## [TASK INSTRUCTIONS]
From the first line to the last, restate the records word for word, skipping the pictures.

-------- GIVEN DATA --------

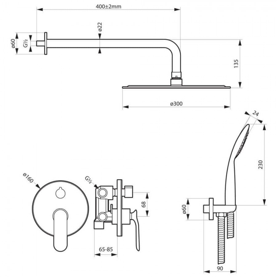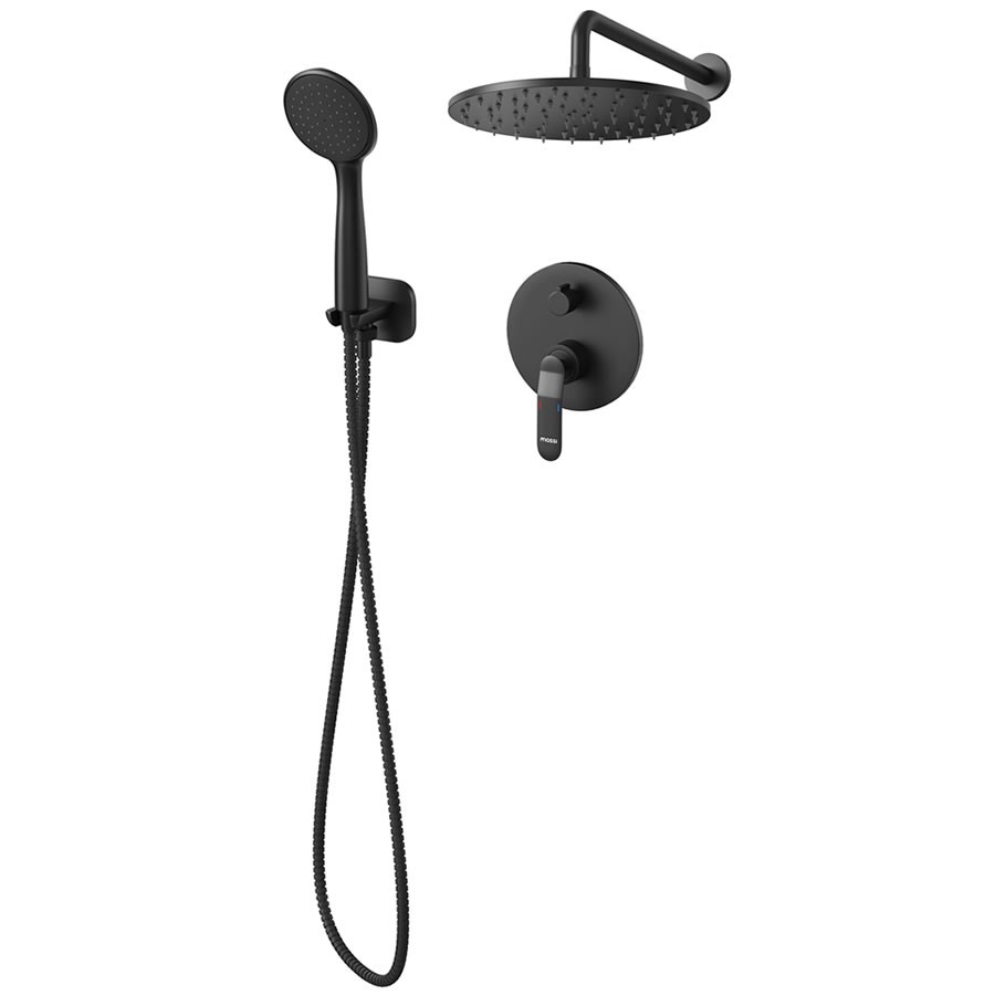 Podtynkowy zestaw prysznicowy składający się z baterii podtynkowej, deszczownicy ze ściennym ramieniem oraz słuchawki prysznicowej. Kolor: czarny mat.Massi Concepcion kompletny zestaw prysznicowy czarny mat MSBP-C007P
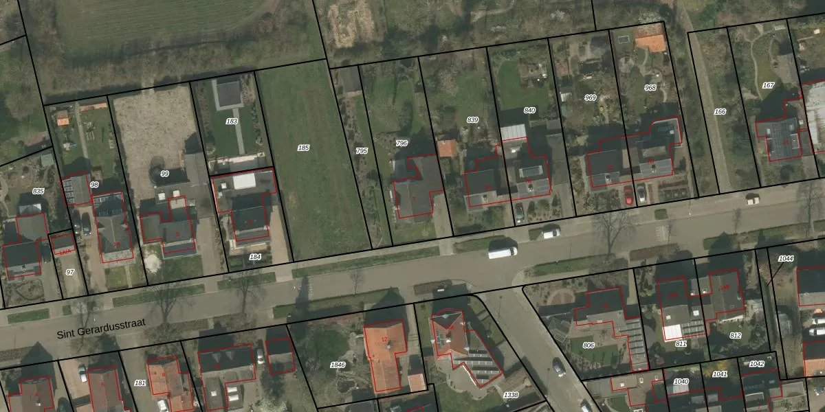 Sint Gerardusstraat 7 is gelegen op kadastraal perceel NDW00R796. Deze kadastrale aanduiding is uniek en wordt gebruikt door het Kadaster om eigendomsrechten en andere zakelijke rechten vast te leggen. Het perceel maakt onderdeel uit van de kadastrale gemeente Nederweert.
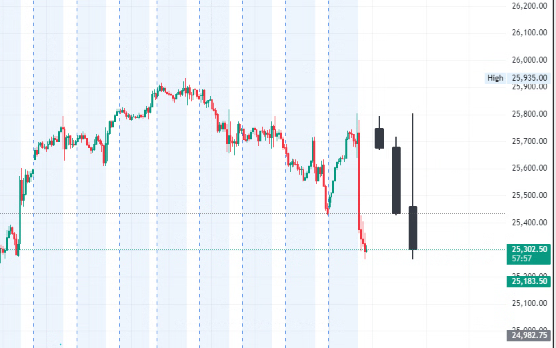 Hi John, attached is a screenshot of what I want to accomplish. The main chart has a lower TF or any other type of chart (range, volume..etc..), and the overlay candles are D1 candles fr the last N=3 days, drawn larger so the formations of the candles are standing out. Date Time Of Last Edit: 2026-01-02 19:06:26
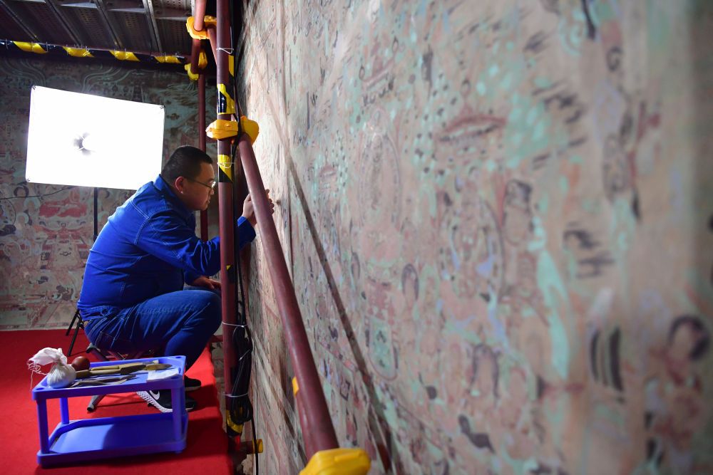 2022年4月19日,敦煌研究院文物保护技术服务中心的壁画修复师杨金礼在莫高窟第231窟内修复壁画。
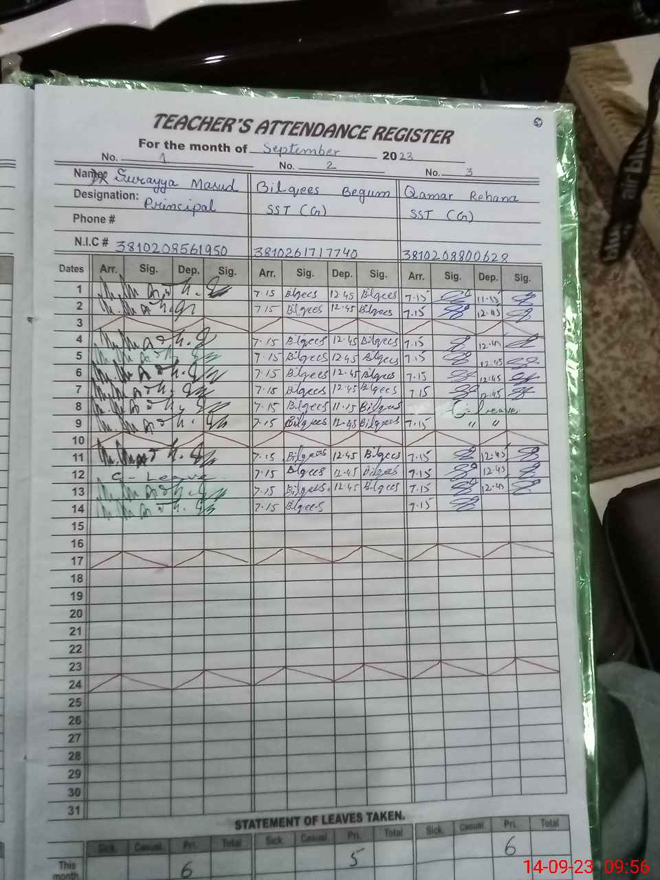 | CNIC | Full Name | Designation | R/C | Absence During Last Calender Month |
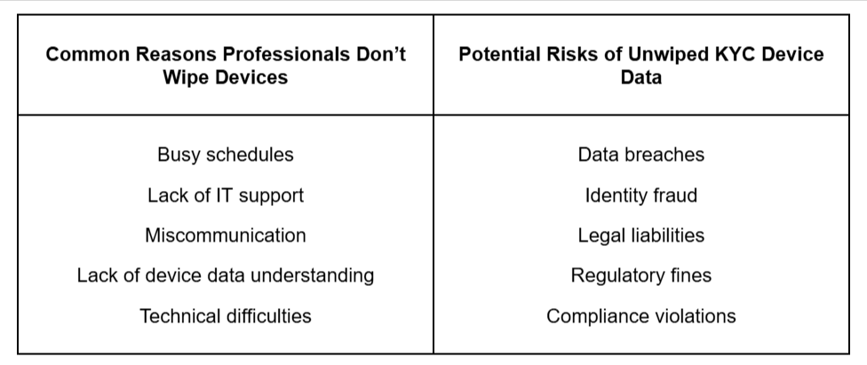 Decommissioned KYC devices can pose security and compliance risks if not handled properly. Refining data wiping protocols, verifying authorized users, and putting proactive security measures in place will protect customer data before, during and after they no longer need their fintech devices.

--------

## [SOLVED EXERCISE]
 Podtynkowy zestaw prysznicowy składający się z baterii podtynkowej, deszczownicy ze ściennym ramieniem oraz słuchawki prysznicowej. Kolor: czarny mat.Massi Concepcion kompletny zestaw prysznicowy czarny mat MSBP-C007P
 Sint Gerardusstraat 7 is gelegen op kadastraal perceel NDW00R796. Deze kadastrale aanduiding is uniek en wordt gebruikt door het Kadaster om eigendomsrechten en andere zakelijke rechten vast te leggen. Het perceel maakt onderdeel uit van de kadastrale gemeente Nederweert.
 Hi John, attached is a screenshot of what I want to accomplish. The main chart has a lower TF or any other type of chart (range, volume..etc..), and the overlay candles are D1 candles fr the last N=3 days, drawn larger so the formations of the candles are standing out. Date Time Of Last Edit: 2026-01-02 19:06:26
 2022年4月19日,敦煌研究院文物保护技术服务中心的壁画修复师杨金礼在莫高窟第231窟内修复壁画。
 | CNIC | Full Name | Designation | R/C | Absence During Last Calender Month |
 Decommissioned KYC devices can pose security and compliance risks if not handled properly. Refining data wiping protocols, verifying authorized users, and putting proactive security measures in place will protect customer data before, during and after they no longer need their fintech devices.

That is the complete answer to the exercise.